Re: DB volume layout (was Re: Database sizing question)

2000-08-25 14:21:19
Subject: Re: DB volume layout (was Re: Database sizing question)
From: Tab Trepagnier <Tab.Trepagnier AT LAITRAM DOT COM>
Date: Fri, 25 Aug 2000 13:16:36 -0500
Geoff,

The one logical file per physical device is news to me.
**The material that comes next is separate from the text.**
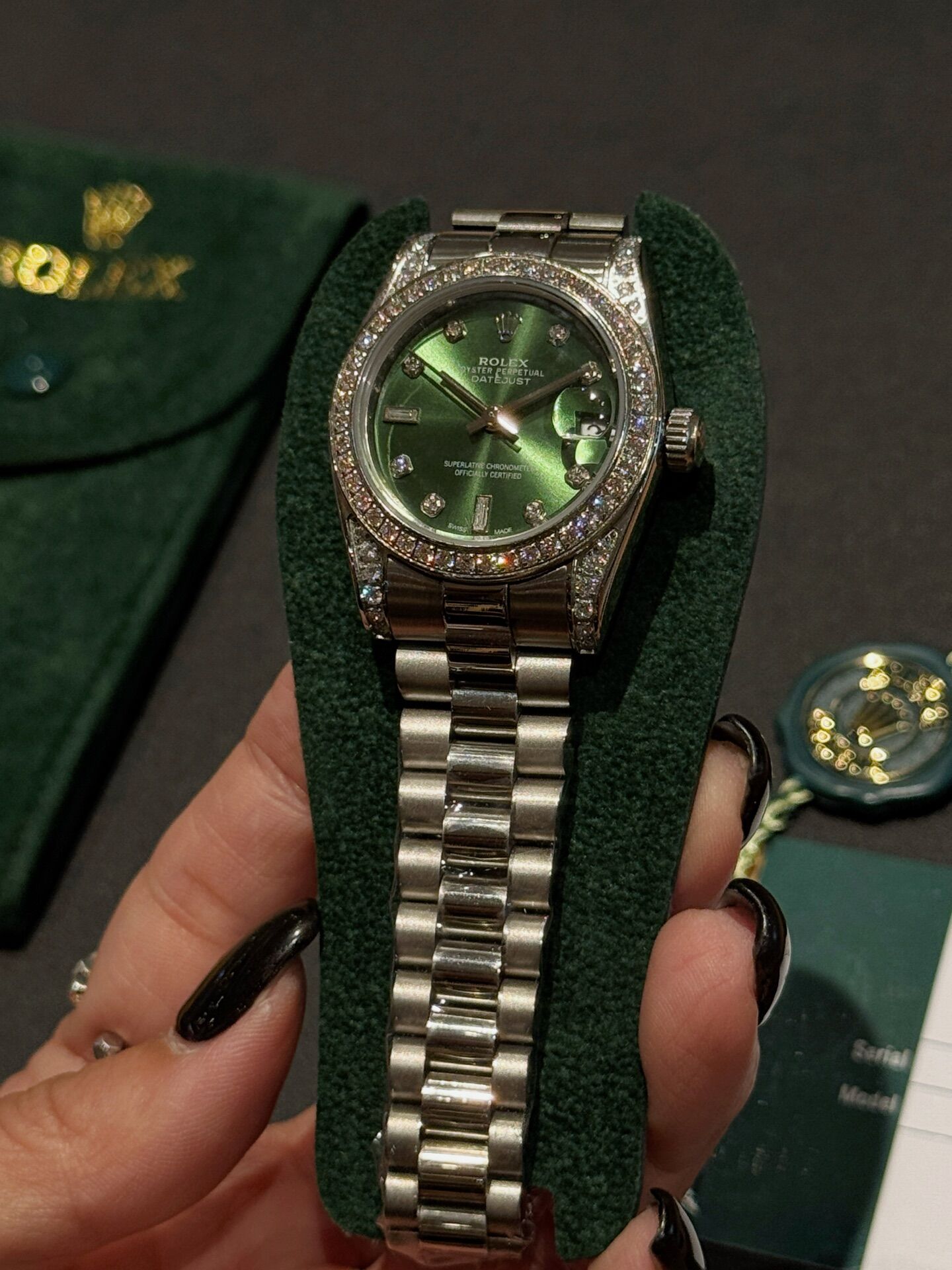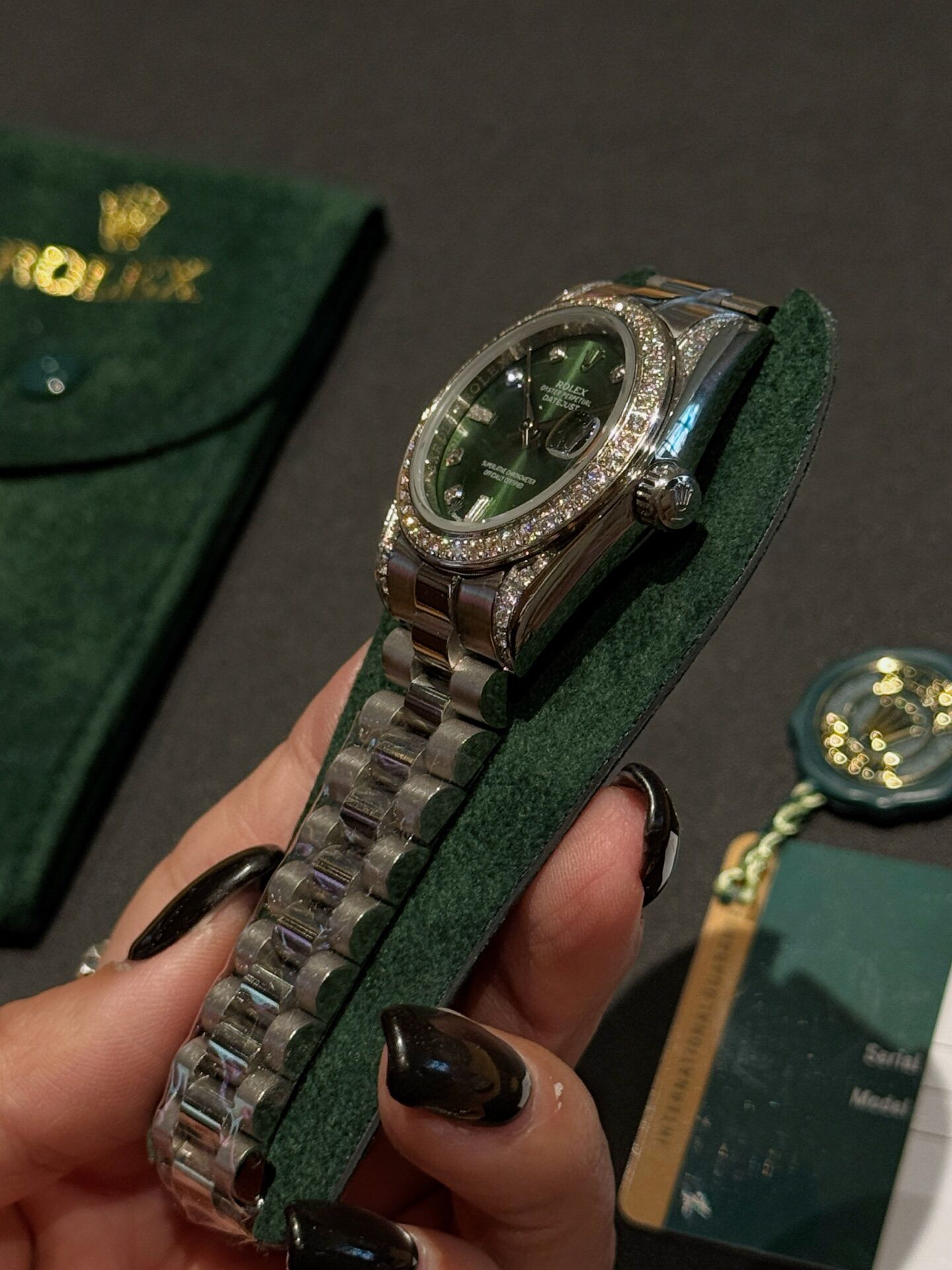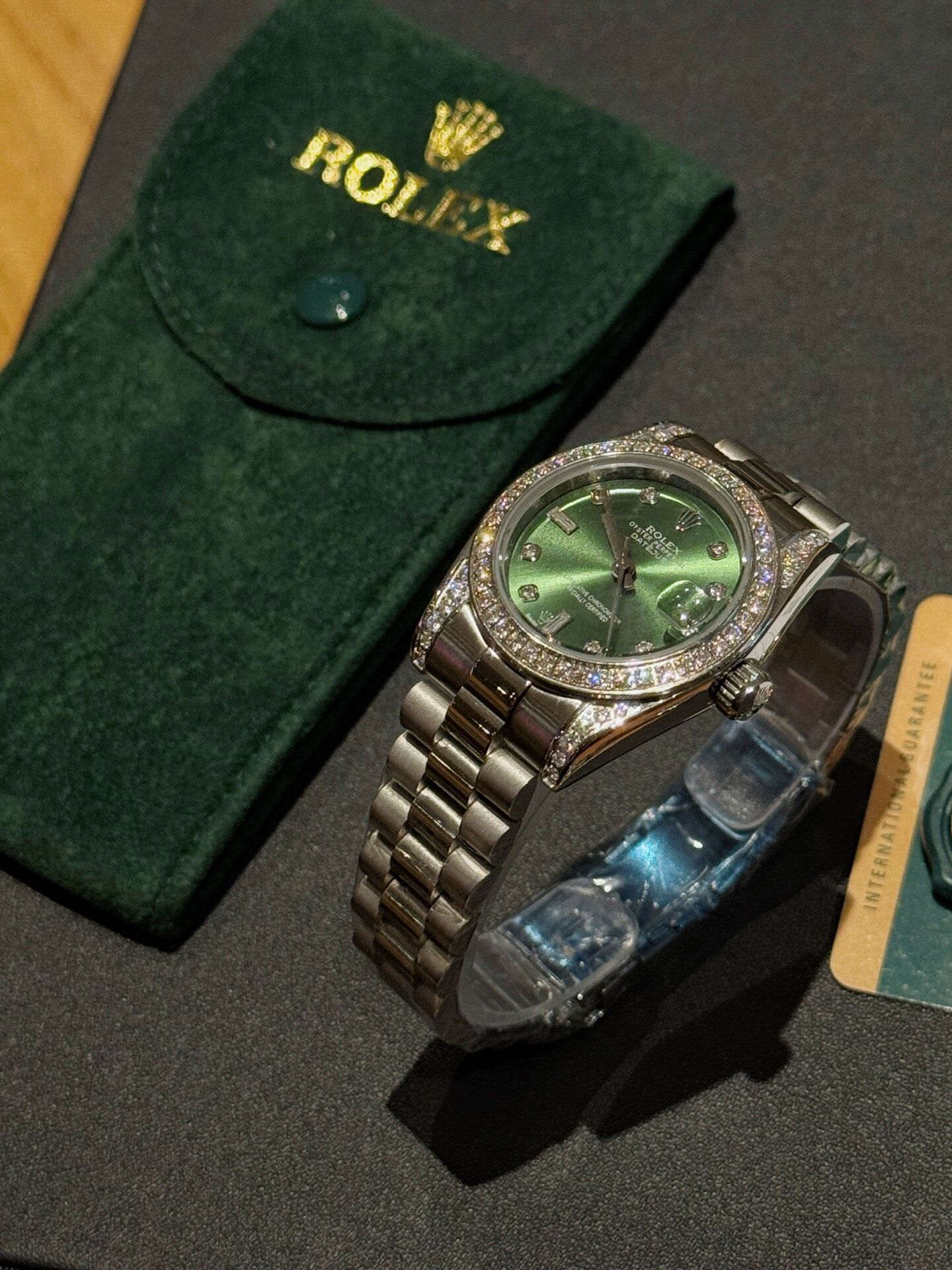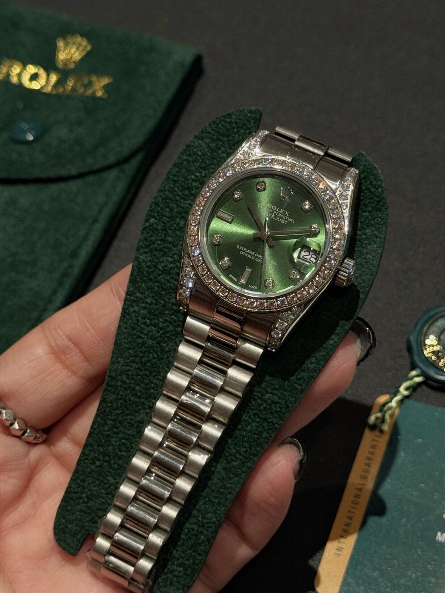 פלדת אל־חלד 316 איכותית, שיבוץ אבנים יוקרתי וגימור ברמה גבוהה.מידות 31 מ״מ.

Our DB is 21.5 GB + space for future expandion.  It consists entirely of 1000 MB
volumes.   Our log consists entirely of 200 MB volumes.   We have two SCSI
controllers hosting the DB and log drives.  One controller hosts four disks that
carry the primary volumes for the DB and log.  The other controller hosts four
disks that carry the secondary volumes.


 We had similar performance issues.  Reducing the size of the DB volumes (they
had been 1.5 - 1.8 GB each) was one thing I tried to reduce the hang time for
big jobs like that.  I also reduced log volumes to 200 MB each from 600 MB each
and disk pool volumes to 500 MB from 1000-1500 MB each.  Our AIX ADSM server has
512 MB RAM.  Because (disclaimer:  in my understanding) AIX directly maps memory
pages to file pages, large files cause a lot of thrashing as you describe.  Open
a huge file on your PC and you will see the same phenomenon.  That is why I
reduced the individual volume sizes.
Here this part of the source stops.